7.5 g of talc, 15 g of glyceryl palmitostearate and 5 g of silicon dioxide are added to this mixture. The mixture is then homogenised for at least 15 minutes. This mixture will form part of the first, controlled-release layer of the mini-tablet, consisting of a single 51 mg layer.
3.75 Kg of rifaximin, 325 g of microcrystalline cellulose, 335 g of crospovidone, 335 g of croscarmellose, 37.5 g of talc, 15 g of glyceryl palmitostearate and 25 g of silicon dioxide are taken up separately, placed in a mixer and mixed for 15 minutes; then loaded into a compacter; suitably compacted and standardised through a 12 mesh screen.

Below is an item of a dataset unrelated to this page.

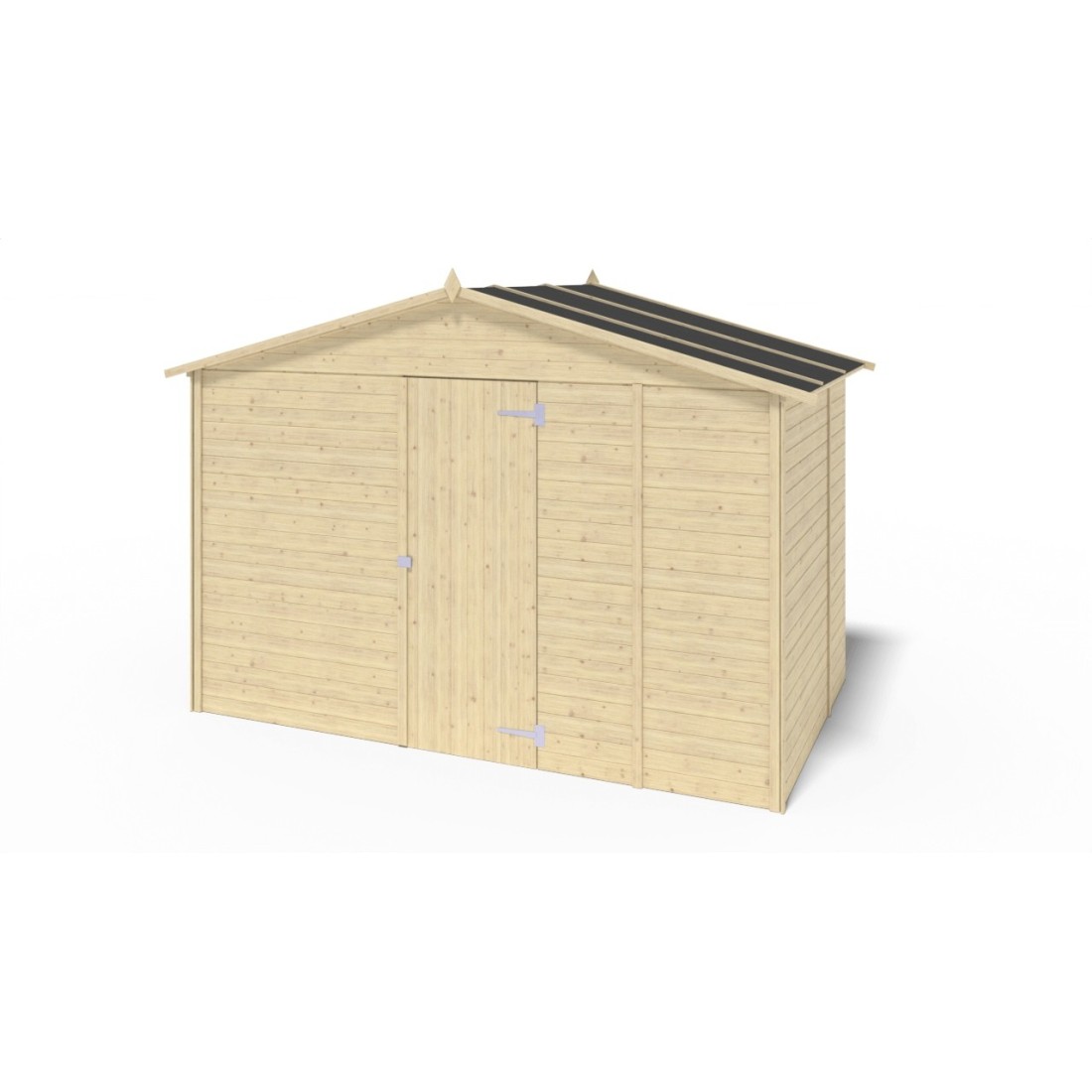 De houten kiosk DOM606 heeft een oppervlakte van 5.72 m², met een breedte van 3.11 m, een diepte van 1.84 m en een wanddikte van 19 mm.

7.5 g of talc, 15 g of glyceryl palmitostearate and 25 g of silicon dioxide are added to this mixture. The mixture is then homogenised for at least 15 minutes. This mixture will form part of the second, immediate-release layer of the mini-tablet, which comprises a single 49 mg layer.
The two separate mixtures are then compressed to obtain a 5 mm double-layer mini-tablet weighing 100 mg. The resulting mini-tablets are then film-coated with a solution/suspension containing 540 g of HPMC E5 Premium, 200 g of talc, 60 g of titanium dioxide and 200 g of triethyl citrate, to obtain a mini-tablet with a mean weight of 110 mg.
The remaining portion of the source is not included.